Воскресенье в Англии — день приметный, даже если не надо ходить на службу. В воскресенье закрыто абсолютное большинство магазинов, редеет толпа, резко падает уличное движение, меняются сетка телепередач, расписание поездов на железных дорогах, а то и тарифы. Наконец, на смену ежедневным газетам выходят газеты воскресные, уже не толстые, а толстенные, с многокрасочными журнальными приложениями.
В общем, воскресенье дало о себе знать немедленно, едва мы с Уэстоллом вышли на улицу. Точнее, едва он вывел меня на улицу: я был опять очень вял, побаливала голова. Слегка знобило, хотя погода выдалась сносная — не поливало, не подмораживало и не дуло. Но вчера… вчера отчетливо была пятница. Куда же делась суббота?
— Недоумеваете? — поинтересовался он как бы между прочим. — Не можете вспомнить, что было вчера? А если я скажу вам, что вчера вы собственноручно порвали ту статью, что сочинили в Шотландии, и написали вместо нее другую? Совсем, совсем другую?..
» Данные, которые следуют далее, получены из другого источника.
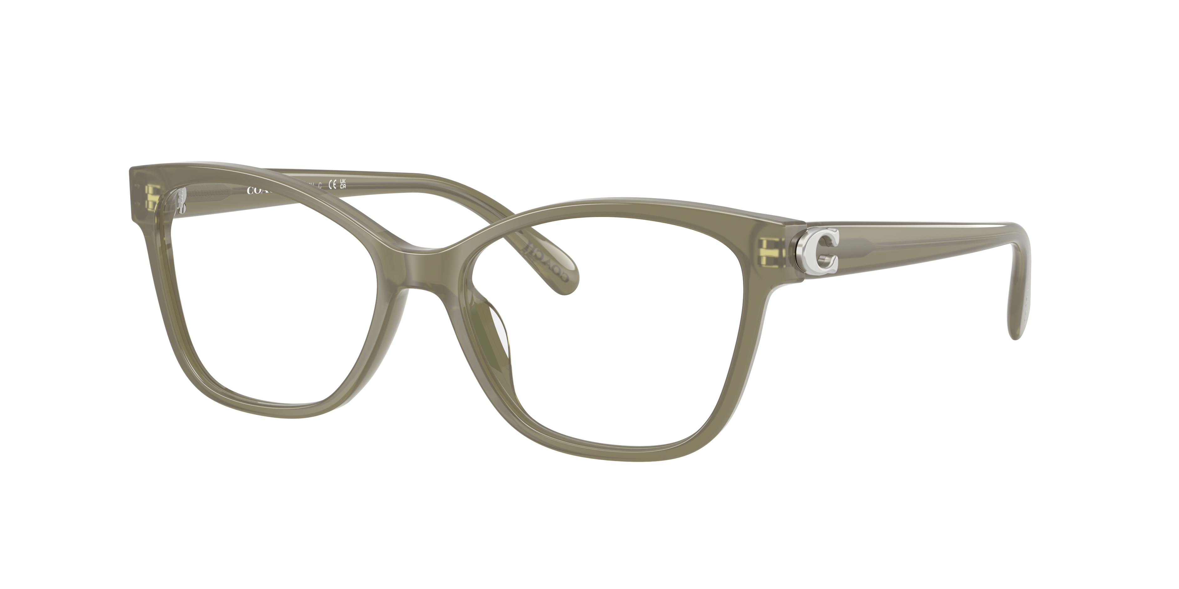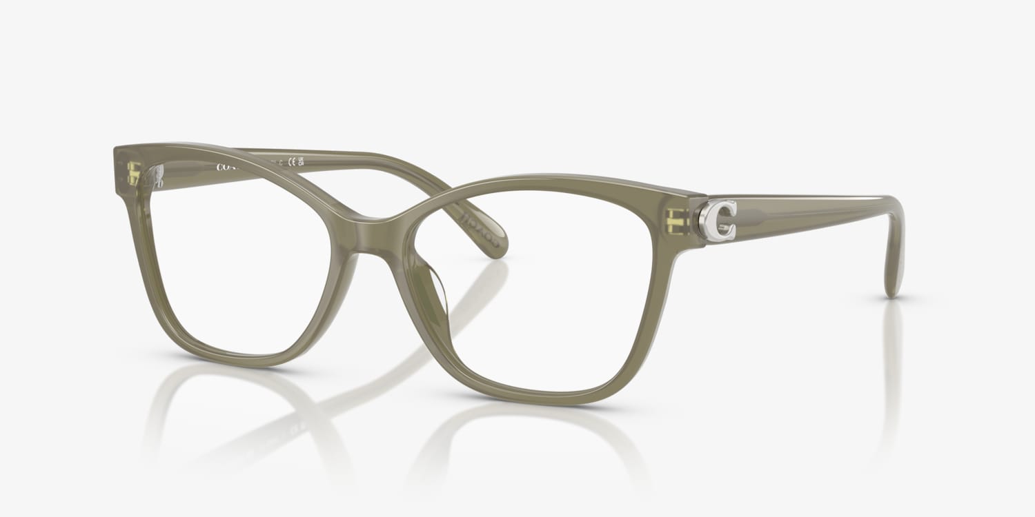 Elevate your fashion and optical utility with Coach HC6246U. The butterfly shape, crafted from acetate, offers a unique and stylish look. The polished milky moss color frame adds a touch of elegance to these glasses. These frames are designed for those who want to make a statement and be the envy of all their friends. Available with prescription lenses.
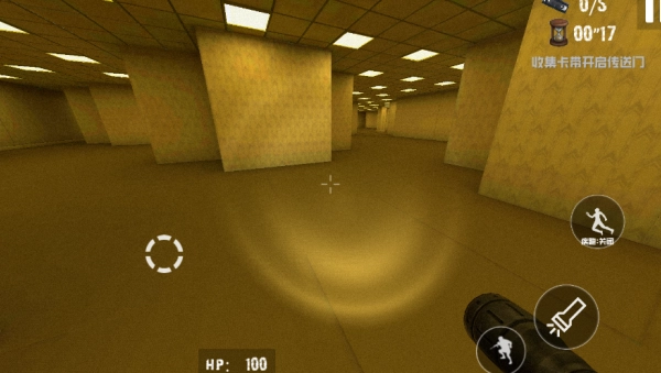 3、选定“逃离后室”模式后,你会进入昏暗的密室环境,此时需要手持武器来躲避木棍人的追击。

Я издал какое-то восклицание, лишенное смысла, благо английский язык такими восклицаниями-междометиями богат необычайно. Уэстолл завел меня в сквер и присел на скамью, раскуривая трубку.
— Мне за вас влетело, — сообщил он. (Не могу сказать, чтобы это сообщение меня особенно огорчило.) — Впредь от подобных экспериментов советую воздержаться. Ходить босиком по раскаленной проволоке неудобно — можно ноги обжечь. Или что-нибудь похуже…
— Например?
— Память, чтоб вы знали, управляется с точностью плюс-минус пятнадцать минут. Можно отобрать ее у вас на день, а можно и навсегда. Теперь, надеюсь, поняли?..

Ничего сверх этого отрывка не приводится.